First thoughts on Svelte 5’s runes

I’m very busy migrating a big SvelteKit project to Svelte 5’s new runes syntax and I have to be honest… not a big fan of the increased number of lines, especially when it comes to the props.

For example, what used to be a single line:

export let user: User | undefined;

Now takes 5 lines because of the added effort to properly type everything:

interface Props {
   user?: User;
 }

let { user }: Props = $props();

And yeah of course in this simple case I could do the type inline:

let { user }: { user?: User } = $props();

But that doesn’t scale when you have multiple props. And either way it’s still way more code than what it used to be, with the property name repeated.

It’s like none of the people who write Svelte 5 actually use it in combination with TypeScript, because strongly typed props have become such a hassle to write now. None of the examples on https://svelte.dev/docs/svelte/$props are strongly typed either except for the very last bit where it explains how to do it. But by not doing it in any of the examples it hides the boilerplate!

Also, the Svelte 4 docs had that global JavaScript / TypeScript toggle in the sidebar, which is completely gone in the Svelte 5 docs. Has TypeScript become an afterthought for Svelte?

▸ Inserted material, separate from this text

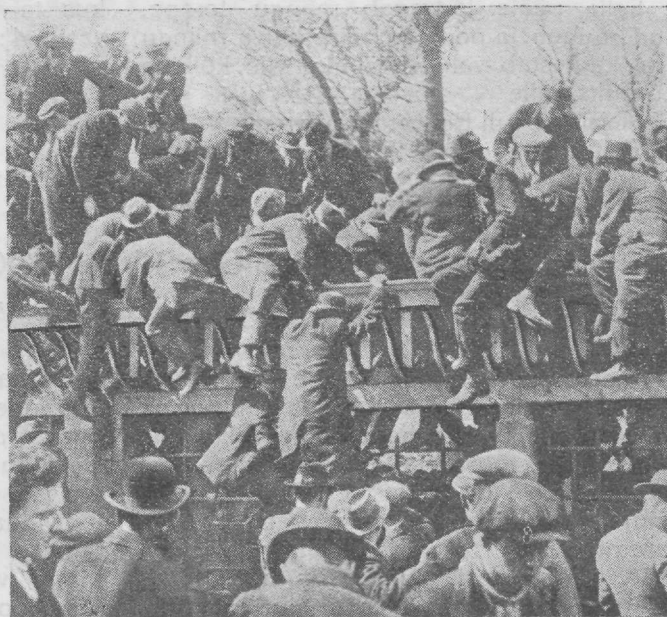
„Takistused võidetakse“, rahvas tormab üle müüri staadioni.

Pääle selle muutub mäng kõvaks ja karistuslöögid on õige sagedased. Westham surub kõvasti pääle ja püüab väravat tasuda. Bolton tõmbab oma siseajajad poolkaitsesse. Watson pääseb jälle läbi, kuid lööb Pymile sülle. Westham on nähtavas ülekaalus. Ka Richards murrab läbi, jääb aga veidi kõhklema ja Pym kargab pääle. Pall sattub ühes appitõttava Watsoniga Pymi selja taha, mida vahekohtunik off-side'iks tunnistab. Publikumis

It’s also very annoying that the Svelte 5 migration script decides to use let for these props instead of const, which results in hundreds of ESLint warnings like “‘user’ is never reassigned. Use ‘const’ instead”. Luckily ESLint can automatically fix most of them, but not all. For example I have a NumberPicker component that used to have three props:

export let min = 0;
export let value = 0;
export let max = 99;

The page using the component would bind to the value. With Svelte 5 the component now looks like this:

interface Props {
  min?: number;
  value?: number;
  max?: number;
}

let { min = 0, value = $bindable(0), max = 99 }: Props = $props();

Which results in two ESLint warnings because min and max should be const. But I can’t change the let to a const because then value can’t be reassigned anymore.

So far I am really not enjoying this migration. I’ll write another article with a more in-depth review, but I just wanted to share my first impressions.